In The News
Saltworks project on Monday docket
Council to weigh several options for development
BY BONNIE ESLINGER
Daily News, 5/2/12
At its meeting Monday night, the Redwood City City Council will consider options that range from asking voters to weigh in on the massive development in the November election to doing a citywide survey to just waiting for a revised proposal to be submitted.
Or the council could resume the environmental review of the polarizing plan, first pitched three years ago by Arizona-based developer DMB Associates for the 1,400-acre Cargill salt flats east of Highway 101, just south of Seaport Boulevard.
Last year, the city embarked on a comprehensive study of the proposed development, which then included as many as 12,000 homes, office space, retail shops and schools. Half of the site was to be transformed into parks, recreation areas and restored tidal marshes under the socalled “50/50” plan.
But in November, DMB withdrew its proposal so it could make revisions, purportedly in response to public feedback.
The feedback may be continuing. Last week, several Redwood City residents told The Daily News they were called and asked to participate in a telephone survey weighed heavily with questions about Saltworks. One question asked whether a “40/60” plan with more open space and less housing sounded like it would be worth supporting.
DMB spokesman Jay Reed would not confirm the company is behind the survey, saying in an email that “DMB frequently does polling on its projects to make sure our proposals are consistent with what the public wants. But we do not comment on the timing or the details of those polls.”
With a revised proposal pending, the council will discuss the city’s options Monday, including putting a non-binding advisory measure on the ballot.
Or the council may choose to do some sort of public survey, City Manager Bob Bell said in a telephone interview.
“The other options are to do polling, independent of what DMB is currently doing,” Bell said. “Then there’s the advisory vote option, and there’s the do-nothing option, which is to let this thing continue and wait for a new proposal to be submitted.”
Asked whether the city might end its evaluation of the project, Bell said that also is an option, then referred additional questions to City Attorney Pamela Thompson. The city could deny the project, even at this stage, for a number of reasons, Thompson said.
“One would be, at this juncture the application is languishing and in light of the inaction in the part of the developer, the city could simply deny it, on the basis it’s creating a lot of controversy and not moving forward,” she said.

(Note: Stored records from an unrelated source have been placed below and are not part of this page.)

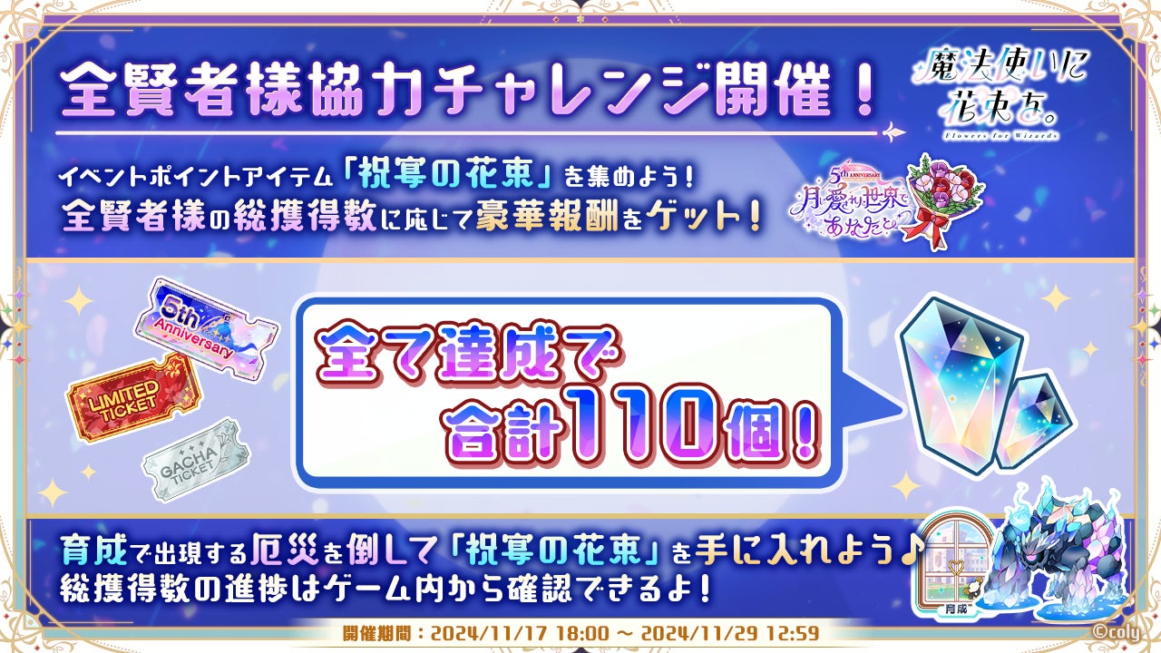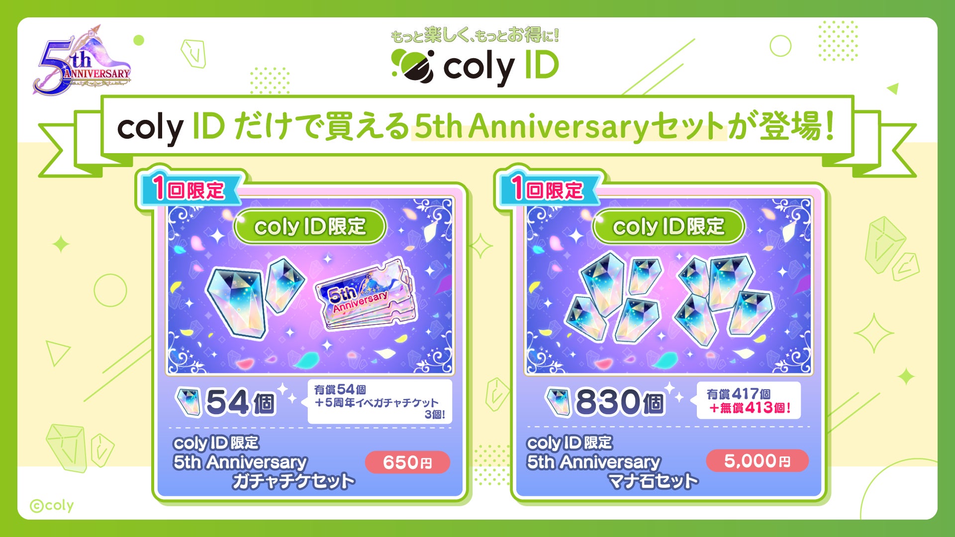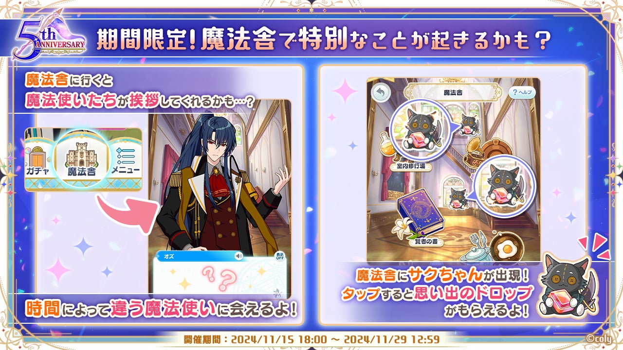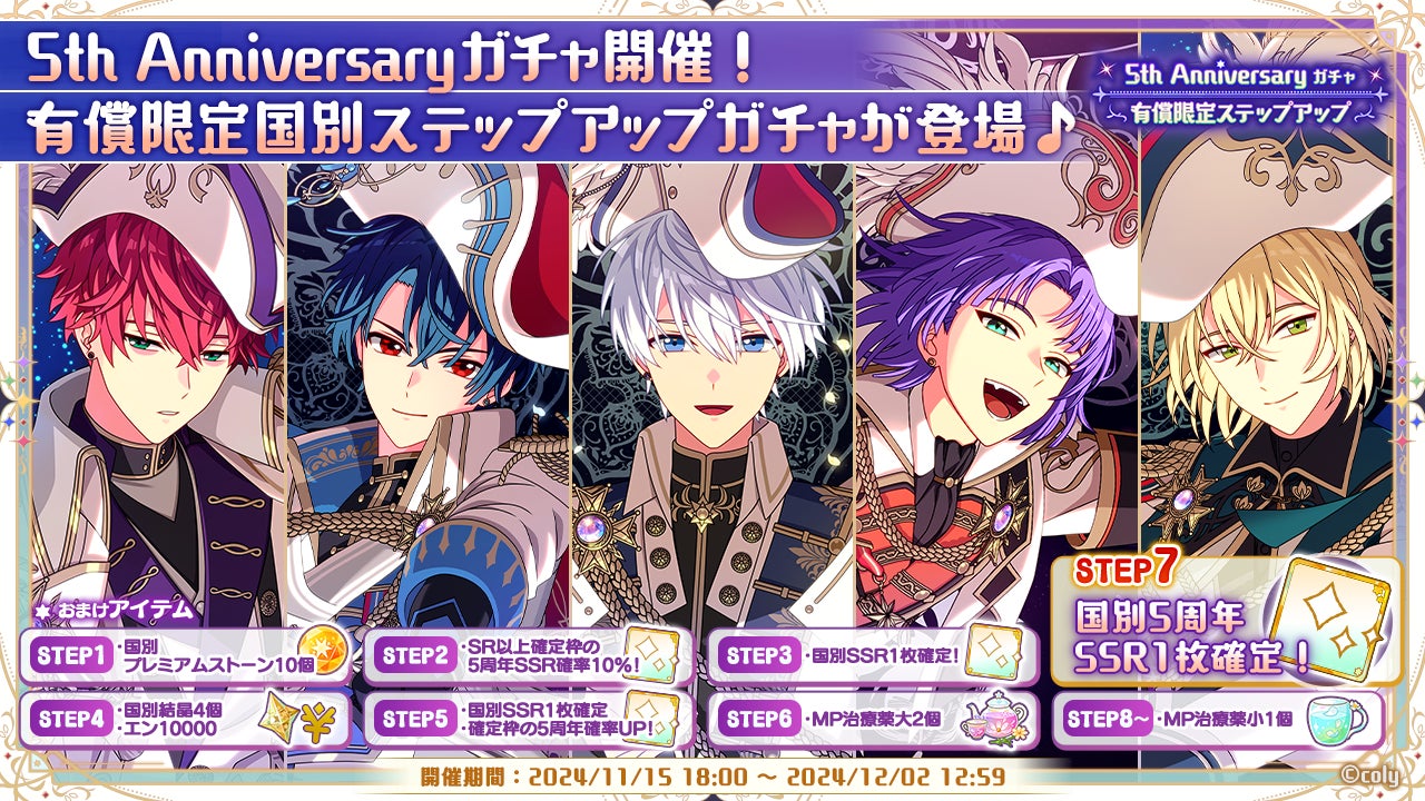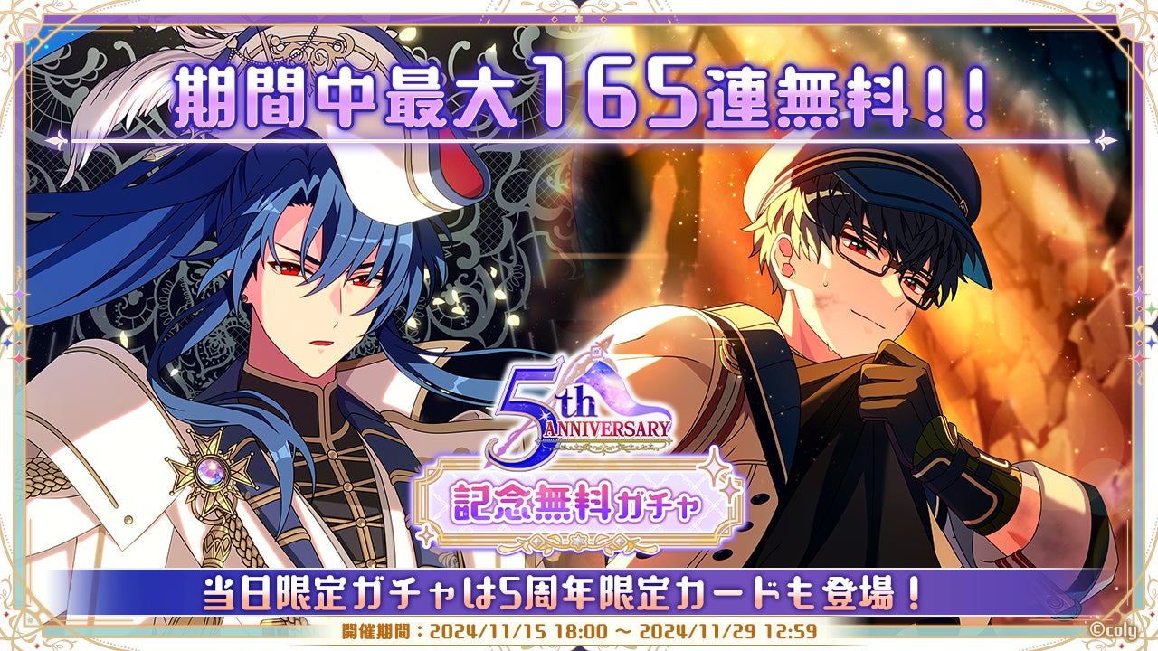 - 5周年記念イベントやガチャ、ログインボーナスなどがゲーム内で開催。
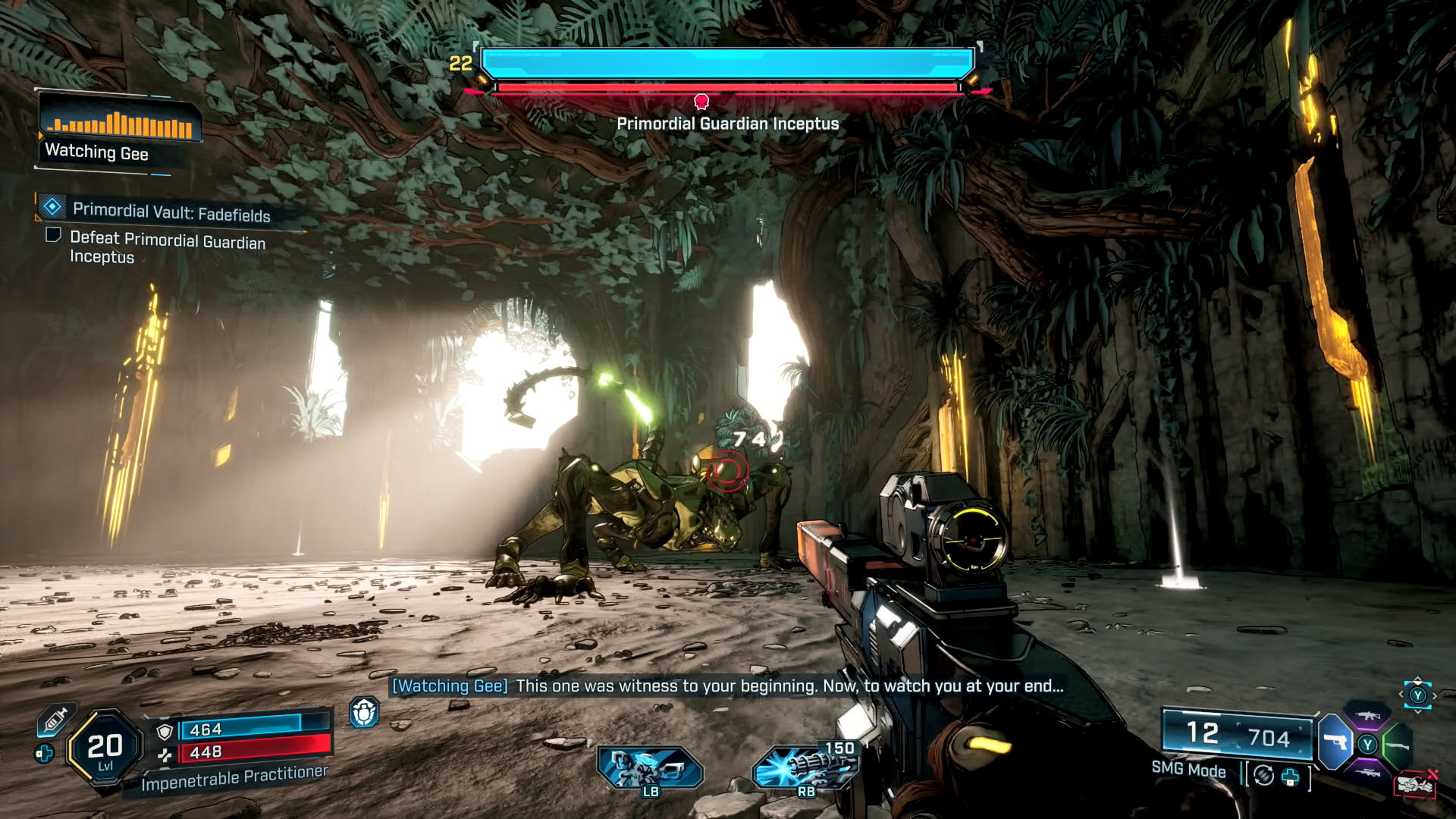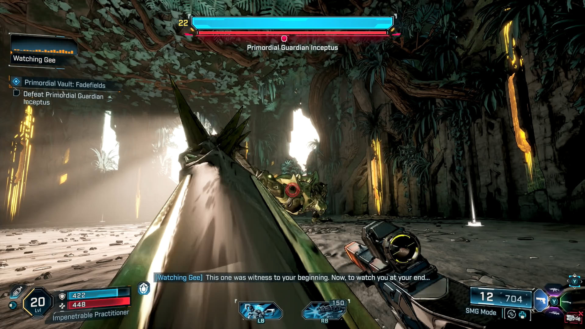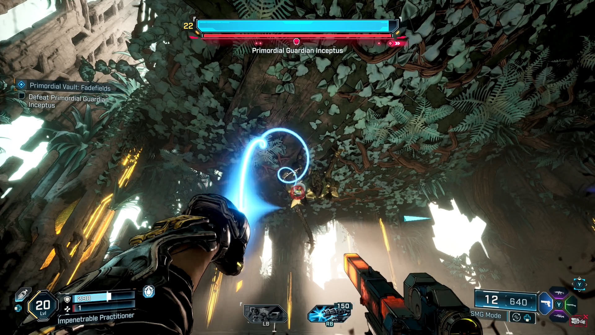 在征服一系列孤島戰場之後,最終就會來到頭目戰的環節。本寶庫任務的頭目是名為「Inceptus(拉丁文的 “開端” 之意)」的怪物,融合了節肢動物與猿猴的特徵,有著能靈活攀抓的長臂,以及能遠距離突刺與揮砍的兩條多節長尾,三不五時還會放出會爆炸的漂浮圓球,需要靠這次新加入的爪鉤來阻止頭目施放。
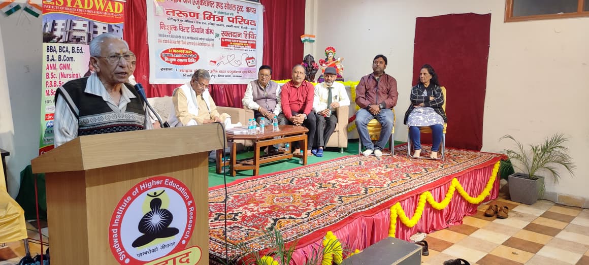 Syadwad Institute of Higher Education and Research organized a free health camp on 21 November 2025. The camp included specialized OPDs in Cardiology, Gynaecology, Ophthalmology, General Physician, Dental, Homeopathy, and Ayurveda, Physiotherapy. Blood tests were conducted, essential medicines were distributed free of cost, and prosthetic limbs were also provided to beneficiaries.
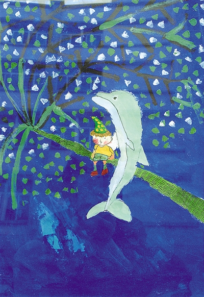 今天上午,如果你去市区杨府山公园,正门入口处应该能看到“几米”的画展:天蓝色的背景下,孤独的孩子与海豚一起坐在树枝上;
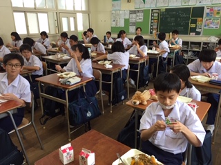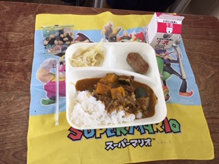かぼちゃ・なすなどが入ったカレーで少し甘めでおいしくいただきました。
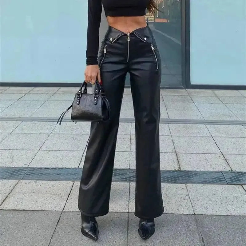 Luźne spodnie z szeroką nogawką i wysokim stanem, skórzane
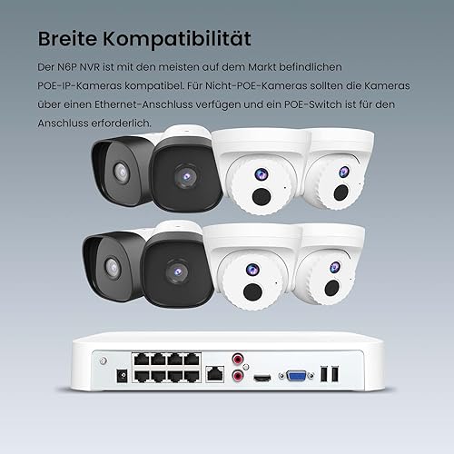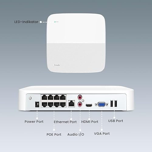 Tenda NVR Überwachungssystem Rekorder 4K, 8CH PoE NVR Recorder, 250m Langstreckenübertragung, H.265+, Plug und Play, HDD(bis zu 10TB)/Cloud Storage, 4KV Blitzschutz, APP Fernüberwachung, N6P-8H
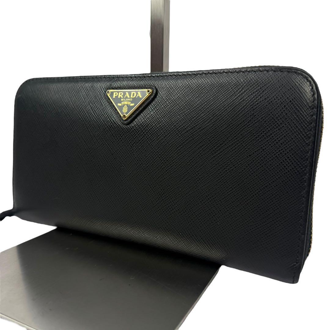 - 【現行モデル 1ML506】PRADA プラダ 長財布 ロングウォレット ラウンドジップ サフィアーノ レザー ゴールド 三角ロゴプレート ブラック 黒
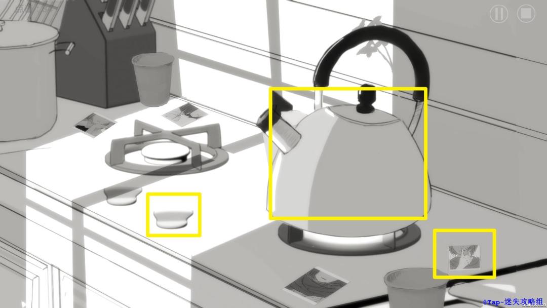 5.点击右下角的照片,收集照片后点击炉子的按钮将火灭掉。灭掉火后点击沸腾的水壶。(注意纸鹤、信封、马克笔、牛奶及照片会随机出现在该场景及其前后场景中)

Thompson also confirmed that the city has long held the option to deny the application based on the fact it would require a general plan amendment because the Cargill property is not zoned for housing. Asked whether the council might discuss flatly denying the project, Thompson said: “I can’t speak to that,” she said.
Reed, likewise, wouldn’t speculate on what the council might discuss, saying it would be “premature to comment on any hypothetical.”
No date has been set to submit the revised plan, he said.
“It’s more important that we get a revised plan right than get it done fast,” Reed wrote.
David Lewis, executive director of the Oakland-based Save The Bay, a nonprofit that has long fought against the Saltworks plan, said even with more open space the development is not a good fit for the salt ponds site. The council shouldn’t waste any more time on evaluating the plan, he said.
“What they’re asking in the poll is really not a big change,” Lewis said. “They’re still trying to do massive development.”
The council decided to review its options after Council Member Rosanne Foust made an impassioned plea in favor of an advisory ballot measure last month.